"[O]nly you and I in all that garden"

Quote of the day 


“You never seem to be waiting for me, but we kept meeting at every turn of the paths. Behind every bush, at the foot of each statue, near every pond. It is as if it had been only you and I in all that garden.”

8 Responses  →
Sounds like a love that won’t last.
That’s too pessimistic, J. But anyway they are all “holographs”.
If it is a good one, who cares.
If it is a bad love, then good luck with that if it lasts.
Shadowy figure:
To me it seems like a matter of perception: one person seeing the other everywhere, despite their bumping into each other being mostly random. Or, perhaps she/he is subconsciously seeking out the other.

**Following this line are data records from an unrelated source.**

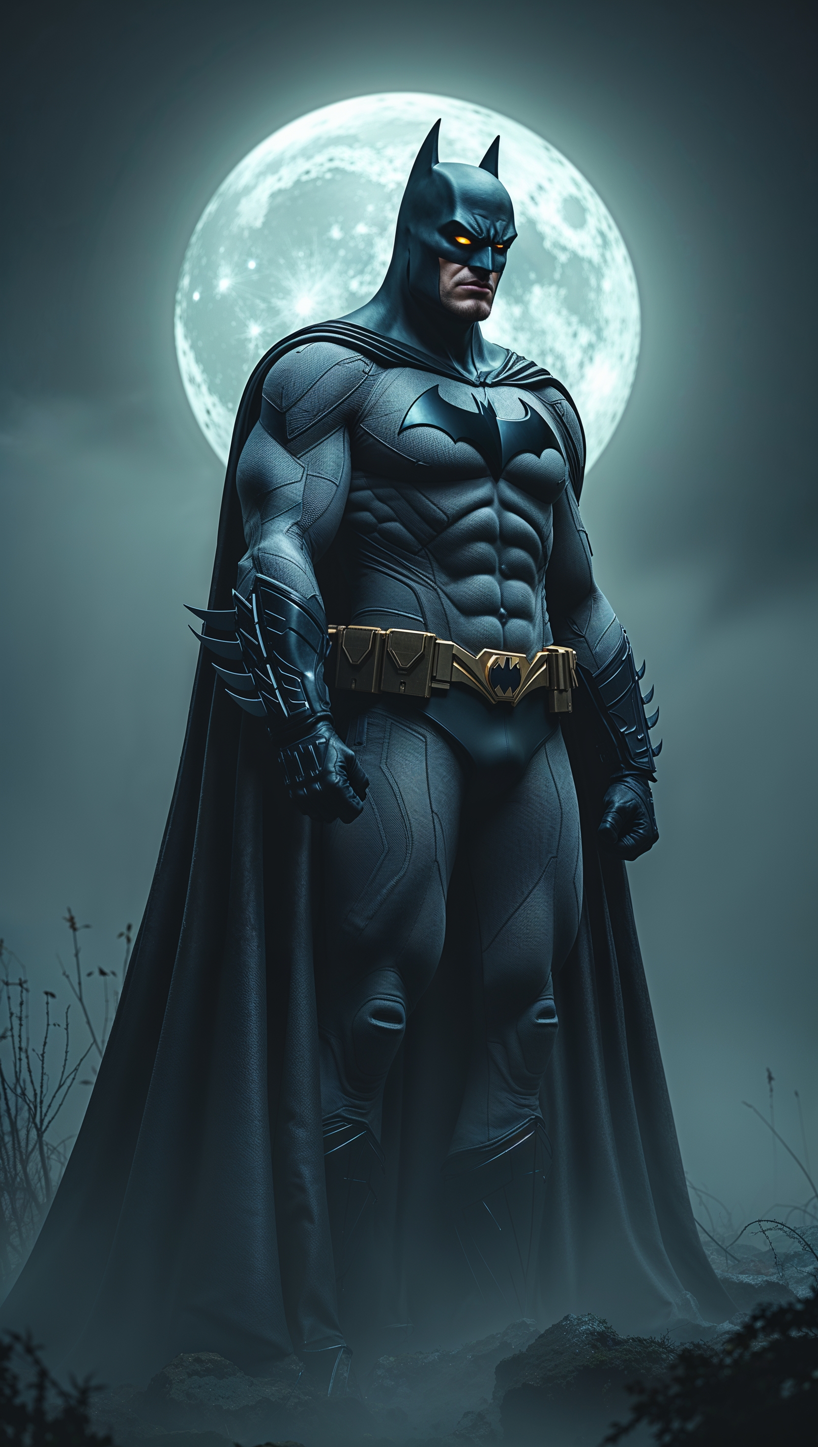 1664x2944 Batman in the night fog with moonlight behind him, 4K iPhone wallpaper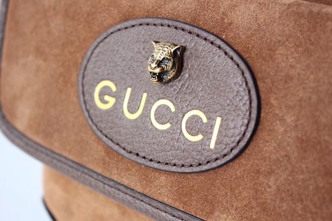 Oval Gucci leather tag with feline head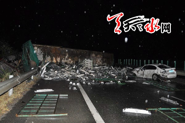 ????天天天水網(wǎng)訊【通訊員 成玉嬌】2017年7月27日19時50分許,玉泉高速公路大隊接過路司機報警稱:連霍高速(G30)由西向東方向1401公里處發(fā)生交通事故,一輛半掛車與一輛“寶馬”牌轎車刮擦相撞后側(cè)翻。接警后,副大隊長任明和逯彥曉帶領值班民警迅速趕赴現(xiàn)場,對事故現(xiàn)場進行安全防護與勘查。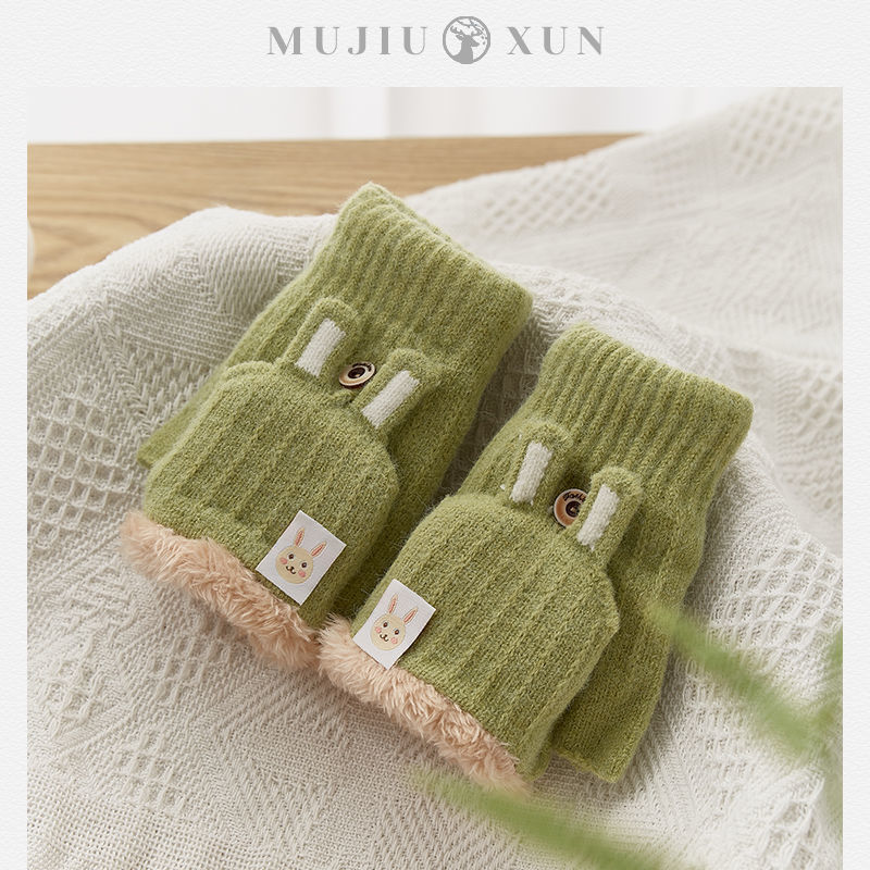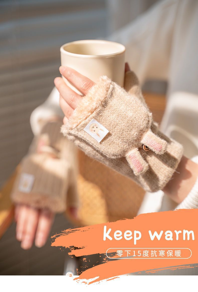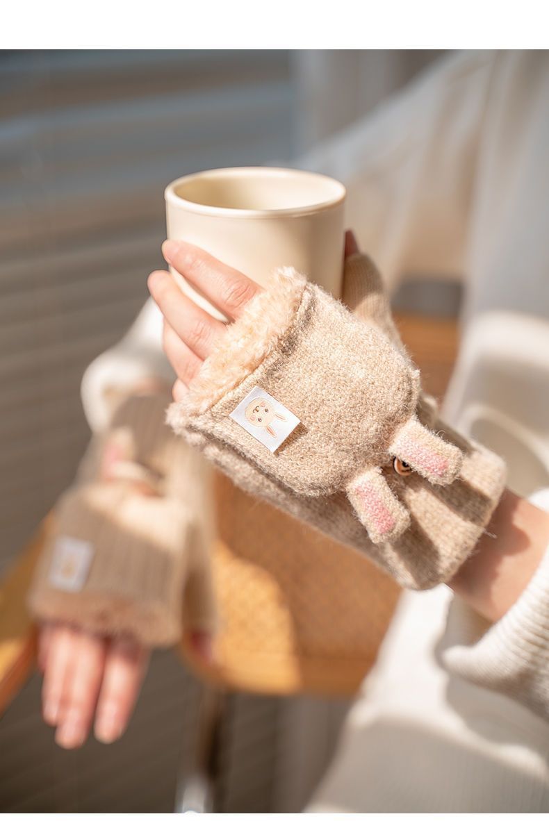 장갑 여성의 겨울 따뜻한 감기 방지 기모 두꺼운 귀여운 토끼 귀 타기 안티 양모 플립 온 장갑스토어 가기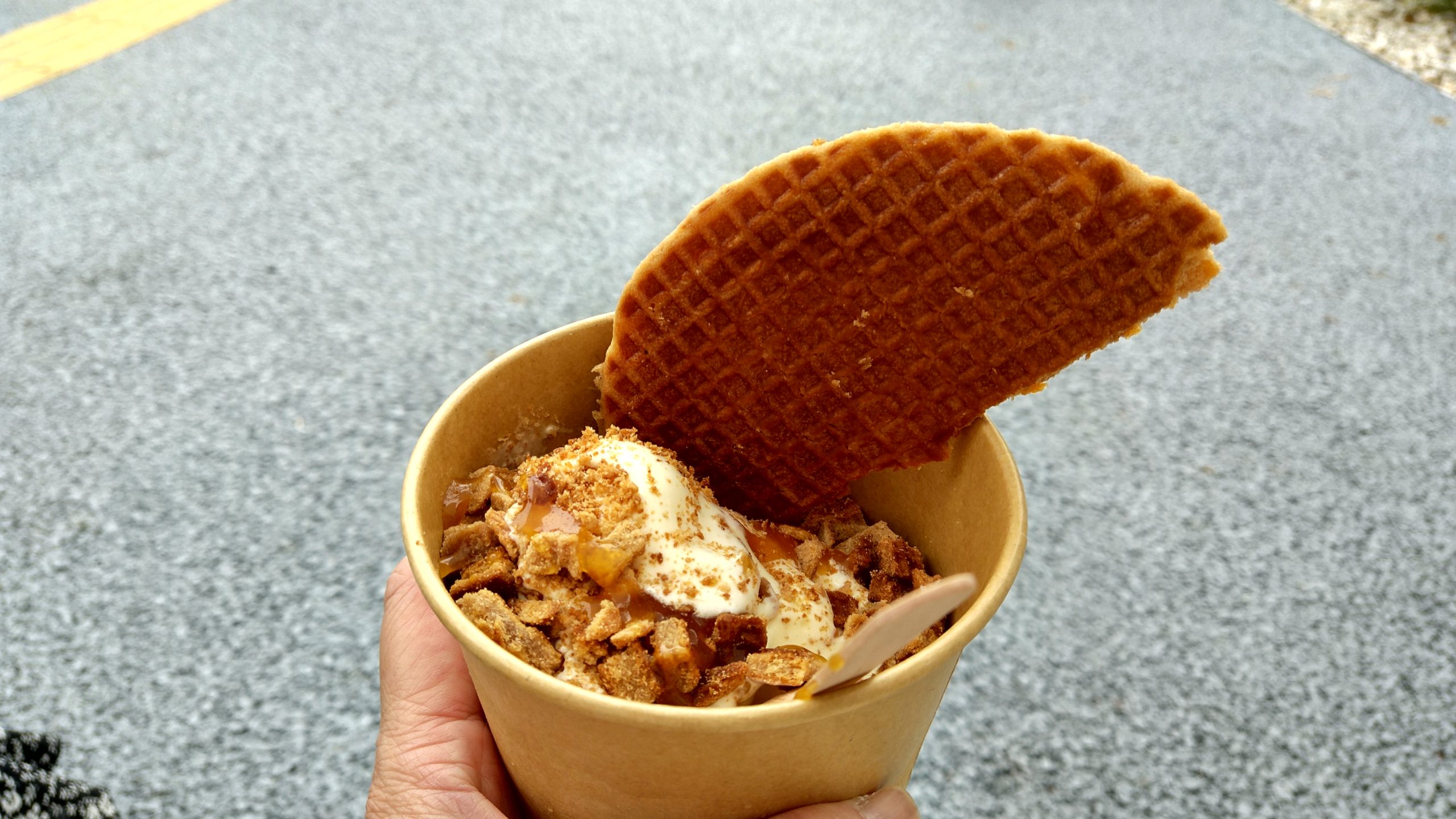 ストロープワッフルを買ってみました。市販のとは違ってまだあたたかい。中身のキャラメルも柔らかくて・・

That’s the kind of silly thing that people in love tend to do.
Shadowy figure, you are oh-so secretly a love sick kitten, aren’t ya?
Tammy, a prof of mine once said that Romeo and Juliet wasn’t a literal tale in the sense that the young lovers don’t literally die at the end, but that rather this is the symbol of the death of romantic love. It’s a rather bold interpretation, I know, but I found it most interesting. I do, in my very old age, tend to agree: that the love that sustains a long, adult relationship is different from the kind that often sustains much poetry, pop music and, dare I admit, novel writing.
I knew you wouldn’t like my first comment, but there it is.
Shadowy figure:
Love sick, sick of love, whatever. I regret using the word at all, it having so many meanings that would have driven Wittgenstein mad (or who knows, maybe it did).

One thought on “"[O]nly you and I in all that garden"

  1. “Last Year at Marienbad” is sometimes compared to “Inception” because of the similar themes. http://existentialistman.blogspot.com/2010/08/trapped-in-inception-marienbad-morels.html

    But I am also reminded of the French NovelLe “Grand Meaulnes” by French author Alain Fournier (1913) http://en.wikipedia.org/wiki/Le_Grand_Meaulnes “Meaulnes searches for his lost love. Impulsive, reckless and heroic, Meaulnes embodies the romantic ideal, the search for the unobtainable, and the mysterious world between childhood and adulthood”

    Though different in plot line from “Last Year at Marienbad”, “Grand Meaulnes” feels similar in the way that strange relationships are shown to evolve in an oddly surreal manner.